● **Exercise brief**
The listing is to be repeated exactly, and its pictures are to be left out.

● **Stored data**
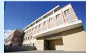
南東北がん陽子線治療センター
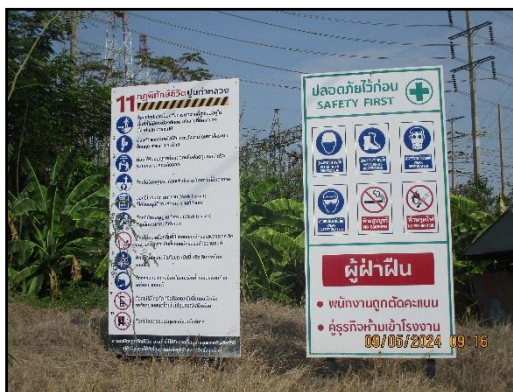
ภาพที่ 2.14 นโยบายความปลอดภัยอาชีวอนามัย และสิ่งแวดล้อมในการทำงาน
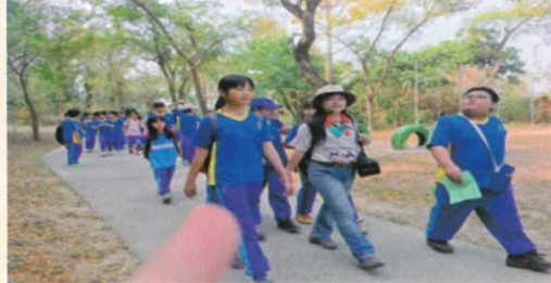
邁開步伐 浩浩蕩蕩拜訪自然生態園區的春天 在林蔭下 坐在砌石上 聽著「飛瓦傳奇」的故事
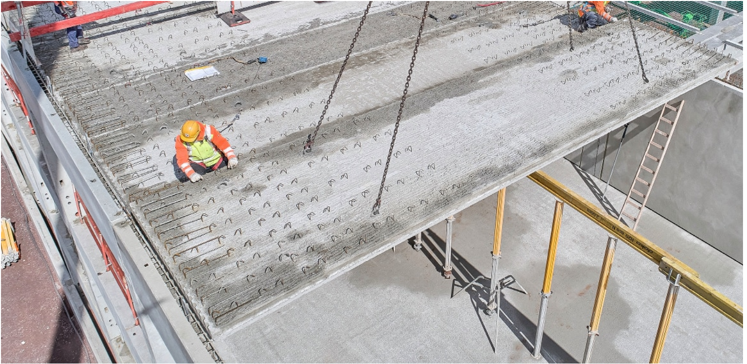
Montage bis 12 m mit Mittelunterstützung im Bauzustand

● **Exercise output**
南東北がん陽子線治療センター
ภาพที่ 2.14 นโยบายความปลอดภัยอาชีวอนามัย และสิ่งแวดล้อมในการทำงาน
邁開步伐 浩浩蕩蕩拜訪自然生態園區的春天 在林蔭下 坐在砌石上 聽著「飛瓦傳奇」的故事
Montage bis 12 m mit Mittelunterstützung im Bauzustand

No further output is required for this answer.